### [WORK REQUEST]
Output the listing exactly, without its pictures.

### [DATASET CONTENT]
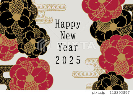 2024年賀状テンプレート「歌舞伎風デザイン」ハッピーニューイヤー 英語添え書き付
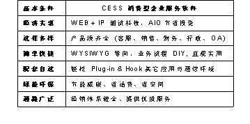 CESS消費型服務(wù)軟件具有經(jīng)濟實惠、選擇多樣、簡單快捷、配套自選、綠能環(huán)通路廣泛等特點,采用Web+IP的潮流科技,AIO節(jié)省投資,使軟件經(jīng)濟實惠;CESS軟件產(chǎn)品線齊全,涵蓋客服、銷售、財務(wù)、行政、OA等很多方面,給您多樣選擇;WYSIWYG(所見即所得)導向,業(yè)務(wù)流程DIY,讓您至需要動動鼠標就可以DIY您想要得到的設(shè)計,不再需要麻煩IT人員,只管實用,簡單快捷;輕松Plug-in & Hook其它應(yīng)用與通信環(huán)境,可根據(jù)您的需要配套自選;節(jié)能減碳、省話費、省空間,綠色環(huán)保;經(jīng)銷體系健全、提供優(yōu)質(zhì)服務(wù),通路廣泛。
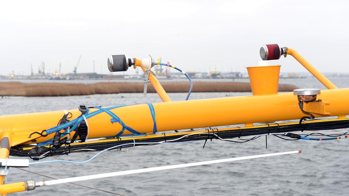 Klein aber fein: Der genutzte Frequenzbereich in 5GHz ermöglicht die Verwendung von kleinen Antennen. Die kleine runde weiße Antenne in der Mitte des Bildes kann bandbreitige maritime Kommunikation zwischen Schiffen und dem Hafen ermöglichen.
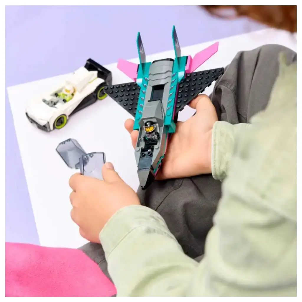 Tato dvojitá stavebnice vozidel LEGO® City Letadlo vs. auto (60489) obsahuje elegantní superauto a supersonické letadlo pro fantazijní závody. Hračkové letadlo má zadní křídla, dvojité svislé ocasní ploutve a stabilizátory. Děti mohou pohybem páky aktivovat přídavné spalování tryskového letadla a otevřít kabinu superauta, aby si prohlédly detailně propracovaný interiér se závodní sedačkou. Stačí přidat minifigurky pilota a závodníka a užívat si hodiny zábavných závodů. Udělejte každý den výjimečným s touto stavebnicí letadla a auta – skvělý dárek pro chlapce, dívky a všechny děti od 6 let, kteří milují závodní auta a modely letadel. Rozšiřte tuto sadu o další sady z nabídky LEGO City (prodávány samostatně) pro ještě více městských dobrodružství! Udělejte si tuto LEGO stavebnici sportovního auta a tryskového letadla ještě zábavnější s aplikací LEGO Builder, kde si děti mohou modely zvětšovat a otáčet ve 3D a sledovat postup stavby. Sada obsahuje 259 dílků.

### [OUTPUT OF THE TASK]
 2024年賀状テンプレート「歌舞伎風デザイン」ハッピーニューイヤー 英語添え書き付
 CESS消費型服務(wù)軟件具有經(jīng)濟實惠、選擇多樣、簡單快捷、配套自選、綠能環(huán)通路廣泛等特點,采用Web+IP的潮流科技,AIO節(jié)省投資,使軟件經(jīng)濟實惠;CESS軟件產(chǎn)品線齊全,涵蓋客服、銷售、財務(wù)、行政、OA等很多方面,給您多樣選擇;WYSIWYG(所見即所得)導向,業(yè)務(wù)流程DIY,讓您至需要動動鼠標就可以DIY您想要得到的設(shè)計,不再需要麻煩IT人員,只管實用,簡單快捷;輕松Plug-in & Hook其它應(yīng)用與通信環(huán)境,可根據(jù)您的需要配套自選;節(jié)能減碳、省話費、省空間,綠色環(huán)保;經(jīng)銷體系健全、提供優(yōu)質(zhì)服務(wù),通路廣泛。
 Klein aber fein: Der genutzte Frequenzbereich in 5GHz ermöglicht die Verwendung von kleinen Antennen. Die kleine runde weiße Antenne in der Mitte des Bildes kann bandbreitige maritime Kommunikation zwischen Schiffen und dem Hafen ermöglichen.
 Tato dvojitá stavebnice vozidel LEGO® City Letadlo vs. auto (60489) obsahuje elegantní superauto a supersonické letadlo pro fantazijní závody. Hračkové letadlo má zadní křídla, dvojité svislé ocasní ploutve a stabilizátory. Děti mohou pohybem páky aktivovat přídavné spalování tryskového letadla a otevřít kabinu superauta, aby si prohlédly detailně propracovaný interiér se závodní sedačkou. Stačí přidat minifigurky pilota a závodníka a užívat si hodiny zábavných závodů. Udělejte každý den výjimečným s touto stavebnicí letadla a auta – skvělý dárek pro chlapce, dívky a všechny děti od 6 let, kteří milují závodní auta a modely letadel. Rozšiřte tuto sadu o další sady z nabídky LEGO City (prodávány samostatně) pro ještě více městských dobrodružství! Udělejte si tuto LEGO stavebnici sportovního auta a tryskového letadla ještě zábavnější s aplikací LEGO Builder, kde si děti mohou modely zvětšovat a otáčet ve 3D a sledovat postup stavby. Sada obsahuje 259 dílků.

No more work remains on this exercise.